§ Your task: Pictures are to be left out. Copy exactly, and only, the lines from the start of the entries below to the line with "Dieses Acrylterrarium ist", both included.
=== Section Start ===
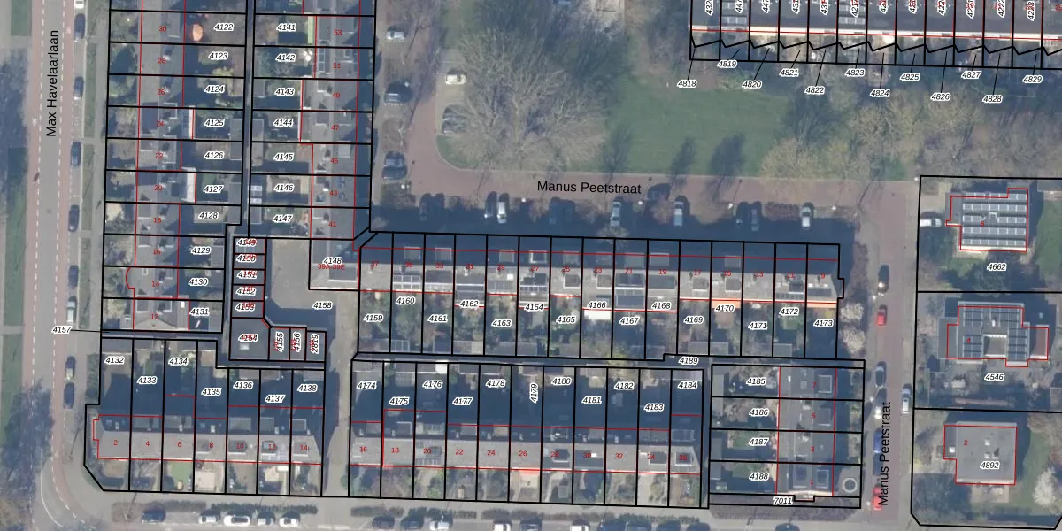 Manus Peetstraat 27 is gelegen op kadastraal perceel ASV00I4164. Deze kadastrale aanduiding is uniek en wordt gebruikt door het Kadaster om eigendomsrechten en andere zakelijke rechten vast te leggen. Het perceel maakt onderdeel uit van de kadastrale gemeente Amstelveen.
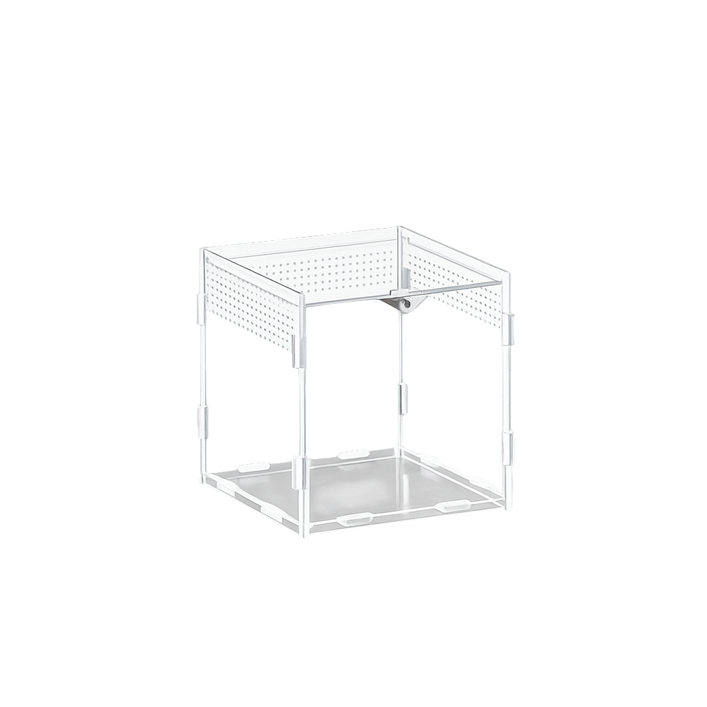 Dieses Acrylterrarium ist ideal für kleine Reptilien, Taranteln, Spinnen, Skorpione und andere kleine Terrarientiere. Mit kompakten Abmessungen von 15 x 15 x 15 cm bietet es ausreichend Platz für Bewegung und Aktivität kleiner Arten. Hergestellt aus hochwertigem Acryl, das maximale Transparenz gewährleistet, um die Tiere zu beobachten, ohne ihr natürliches Verhalten zu stören.
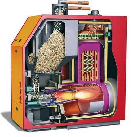 Самым ярким и экономичным представителем источников тепла на твердых видах топлива является энергосберегающий котел, сжигающий древесные гранулы – пеллеты. Среди своих «собратьев» он имеет наивысший показатель эффективности, его КПД декларируется на уровне 92%. В действительности эта величина может быть несколько меньше, но агрегат и вправду заслуживает внимания, поскольку использует возобновляемый источник энергии и выбрасывает в атмосферу минимальное количество вредных веществ.
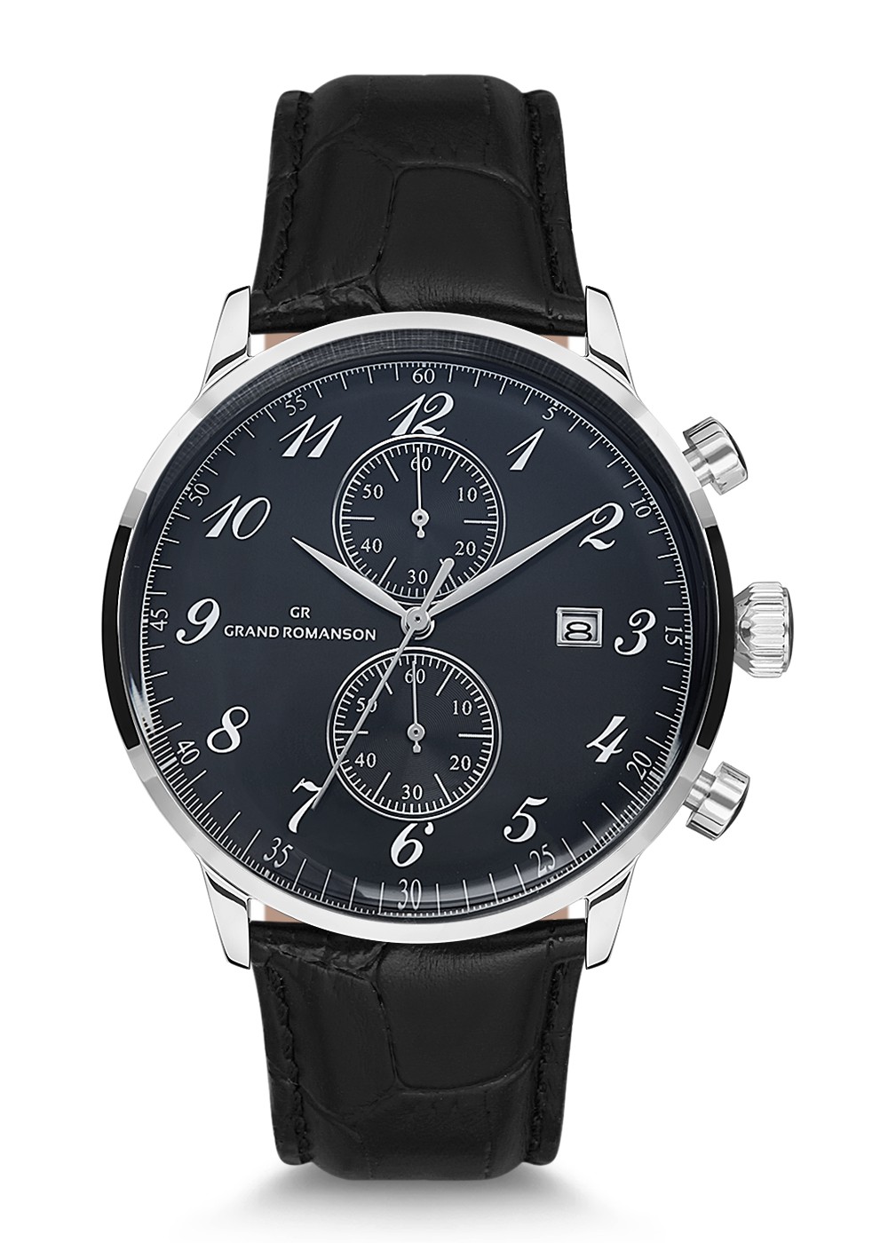 Erkek - Kronometre - Gümüş - Si̇yah - Doğal Deri̇ Kordon - Si̇yah - 3 Atm - Grand Romanson
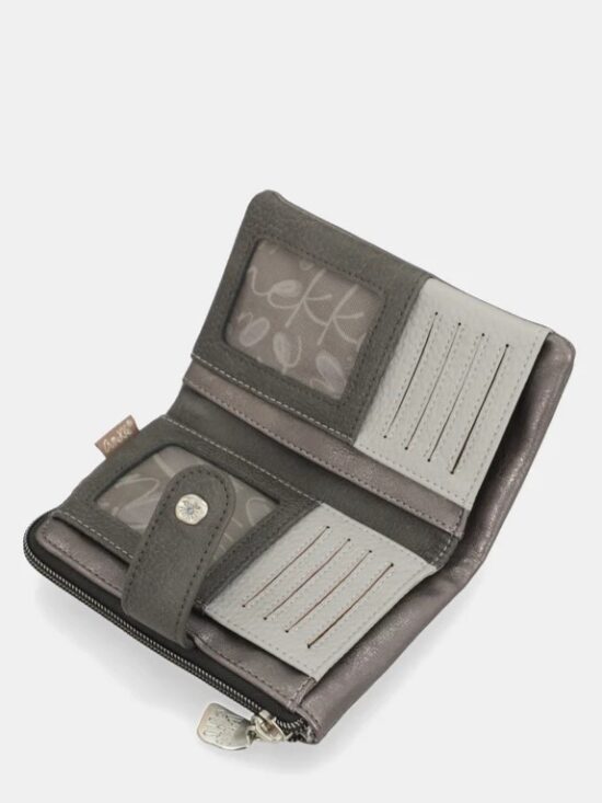 Billetero, tamaño medio, de textura «blanda» y con gran capacidad tanto para billetes y tarjetas por un lado, que se cierra con solapa estrecha de clip, como para monedas, por otro lado, con cierre de cremallera. Modelo de tamaño y capacidad ideales para acompañarte dentro del bolso o mochila que elijas y llevar todo lo que necesites totalmente organizado.
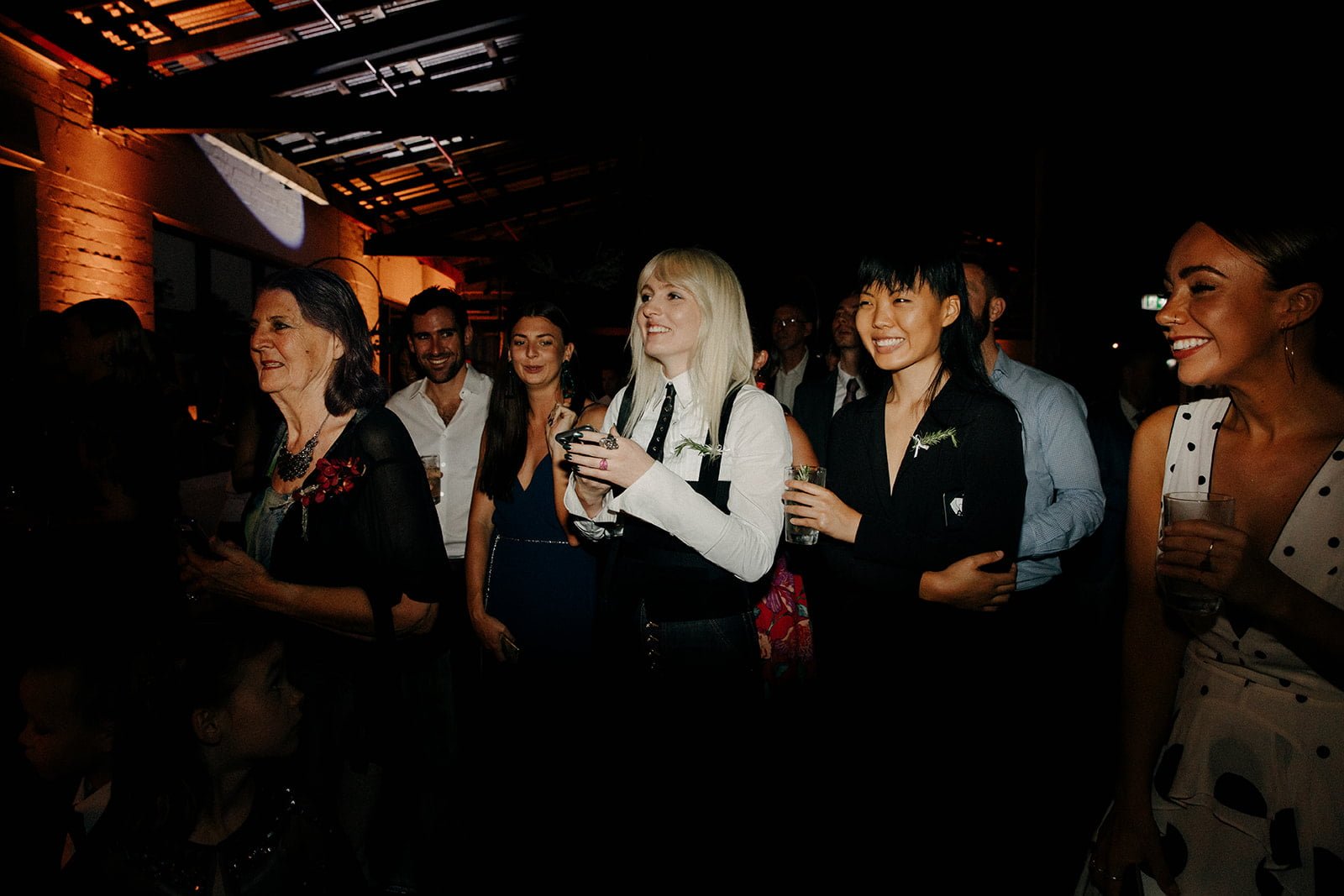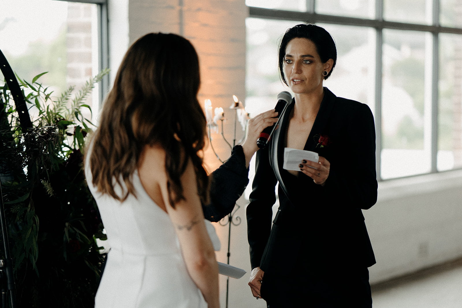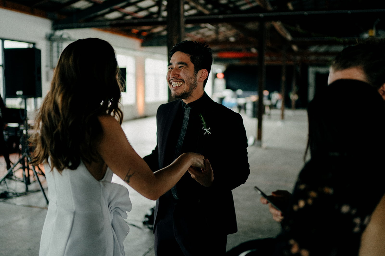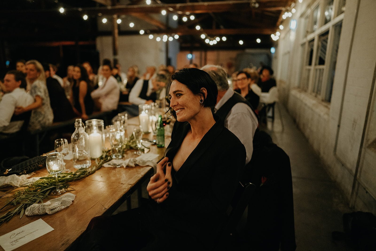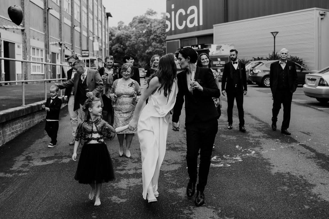 CONTRIBUTING VENDORS Photographer Tones & Harmony Cinematographer Stephanie Maglicic Event Planner, Stylist, Florist & Stationery Juxtaposers Collective Venue Legs on the Wall (Studio One) Catering Red Ember Cake CakeVonDee Hire Items Jaques Party Hire Entertainment Beeswax and Bottlecaps Celebrant Cecily Hardy Rings Julia De Ville Grazing Table The Gift Of Graze Styling Supplies Reverse Garbage THE BRIDE (Amy) Dress Homemade Reception Outfit Homemade (pants) & Saba (Blazer) Leather Jacket Vintage Shoes Senso Handbag Farrah + Sloane Earrings Brie Leon Hair & Makeup Veronika Moreira THE BRIDE (Mimes) Suit Zara Leather Jacket Vintage Shoes Jack London Hair & Makeup Haus of Hopwood
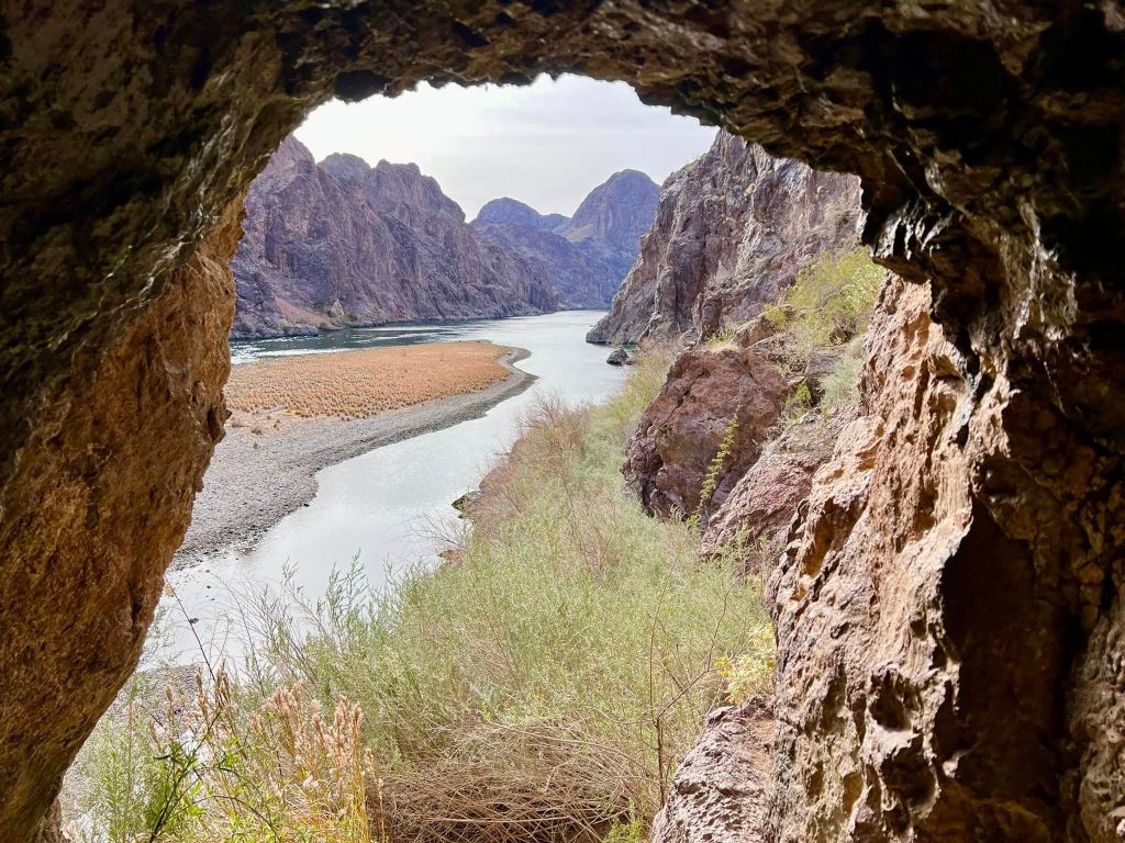 Setting off from Hoover Dam, our kayaks glided gracefully along the tranquil waters of the Colorado River, tracing the path through Black Canyon once more. Memories of our previous journey flooded back as we retraced our steps, this time determined to fully immerse ourselves in the experience. Passing by the iconic sauna cave and navigating the hot springs canyons, we reveled in the soothing warmth of the natural thermal waters, feeling rejuvenated and alive.
=== Section End ===
§ Solution to the exercise:
 Manus Peetstraat 27 is gelegen op kadastraal perceel ASV00I4164. Deze kadastrale aanduiding is uniek en wordt gebruikt door het Kadaster om eigendomsrechten en andere zakelijke rechten vast te leggen. Het perceel maakt onderdeel uit van de kadastrale gemeente Amstelveen.
 Dieses Acrylterrarium ist ideal für kleine Reptilien, Taranteln, Spinnen, Skorpione und andere kleine Terrarientiere. Mit kompakten Abmessungen von 15 x 15 x 15 cm bietet es ausreichend Platz für Bewegung und Aktivität kleiner Arten. Hergestellt aus hochwertigem Acryl, das maximale Transparenz gewährleistet, um die Tiere zu beobachten, ohne ihr natürliches Verhalten zu stören.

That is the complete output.